In the distance we could see high mountains. Eldos had explained that the highest mountain in Mongolia was to the south – and he had climbed it recently. We passed herders with their horses and sheep. This was the true Mongolian countryside.



About 20 km before the town of Olgii, we came upon a magnificent bitumen road. We had never seen anything like it. The road was dead smooth and you could have driven at any speed.

This is part of the Millennium Highway that the Government is building for the people. This highway is to go from the western-most point of Mongolia right through to Ulaan Baatar. That is about 1,700 km, and currently most of the road is unmade.

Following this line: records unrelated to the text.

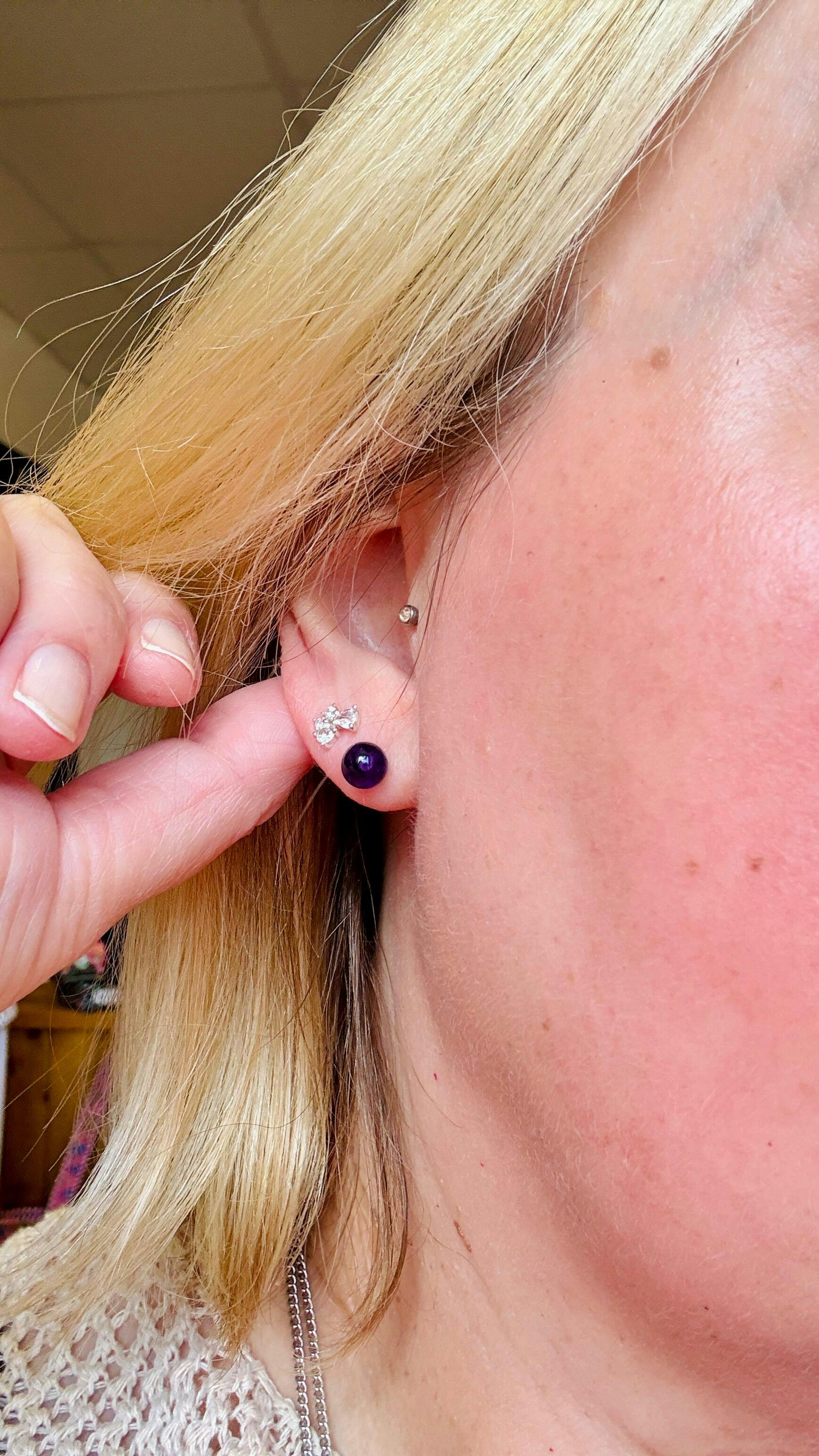 Whether you're looking for February birthstone earrings, minimalist gemstone studs, or simply a stylish pair of purple hypoallergenic earrings, these Amethyst ball studs are a beautiful choice.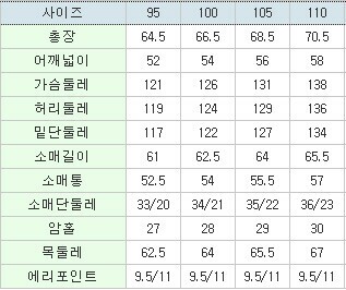 | 3. 치수 | 95,100,105,110 |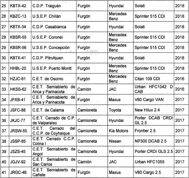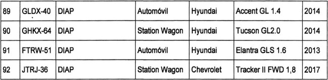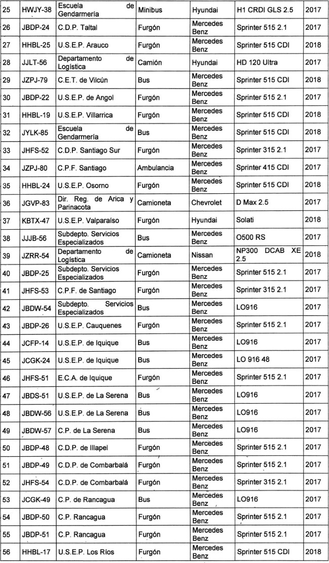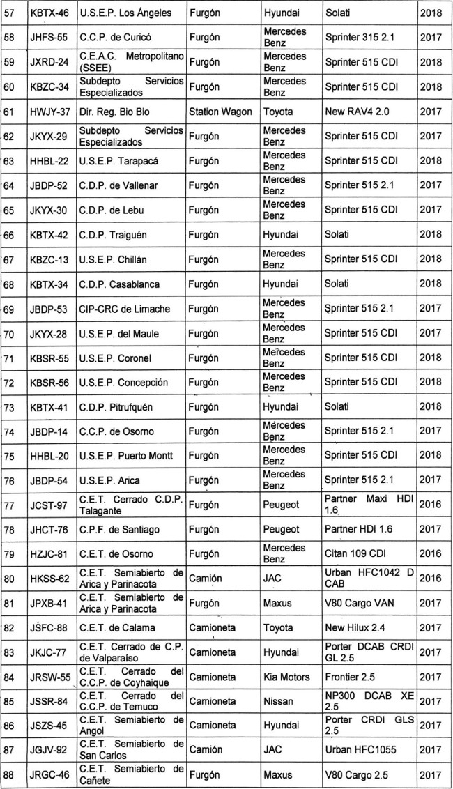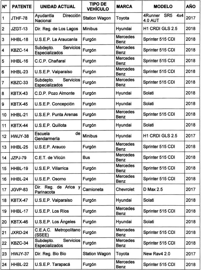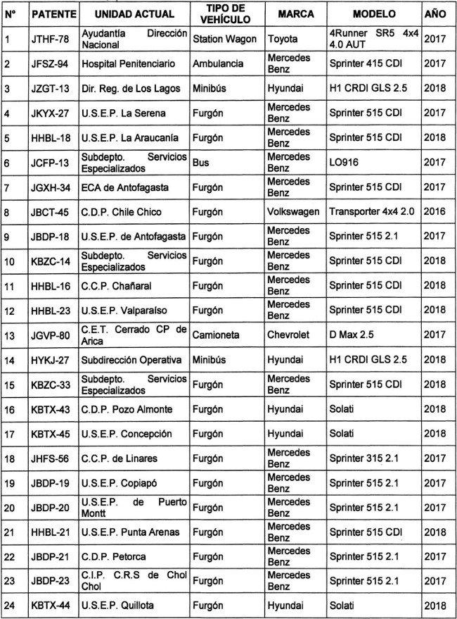 1º.- Autorízase la circulación en horario inhábil y en los días sábados en la tarde, domingos y festivos de los vehículos destinados al uso de Gendarmería de Chile, que a continuación se indican:

It is amazing that the old Soviet ways have completely gone from Mongolia. They now have a democracy, with Governments making promises and not fulfilling them – just as they do in all democracies. The highway was supposed to be finished by 2010 but it is pretty obvious that it won’t be completed until probably 2020.
When we came through the Russian border, the Russians told us that there were no roads in Mongolia. That was about the only English they knew – they obviously warned everyone travelling in that direction.
Eldos invited us to park the Earthroamer at his family home in Olgii. We met Eldos’ mother, Sandergash, in the yard at their home.
The most amazing thing happened – suddenly the heater started to work! As we are transcribing this a few hours later, the heater is warming us beautifully. We have also been able to connect our 220 volt charger to a power point in the garage so we have a totally full battery. Everything seems to work really well.
Eldos took us into the town where we purchased some really good beanies. It is absolutely freezing outside. At the present time the temperature is about -6º Fahrenheit.

We also changed money with a fascinating little man who was sitting in his Jeep with huge amounts of cash on the dashboard. Originally we tried the bank but their cash deposits had been locked away, and they suggested that we would get a better rate from the man in the street.
Dick purchased a new 220 volt plug because the plug that we had been using is a bit dicky. We also purchased 10 metres of rope which could be handy.

We are now back in the yard and Sandergash has invited us to go to her place for dinner. We are looking forward to tasting some truly Mongolian food (or possibly it will be Kazakh food!)
We travelled 180 km today – it is not a great distance but it was a wonderful drive.
We should mention that where the roads don’t exist, they really don’t exist. We are lucky to do 20 kph. It is going to take us a long time to get to Ulaan Baatar, but we love Mongolia. We love the people – everyone is friendly, everyone laughs and smiles, and they are fascinated with our big Earthroamer. We are really enjoying ourselves.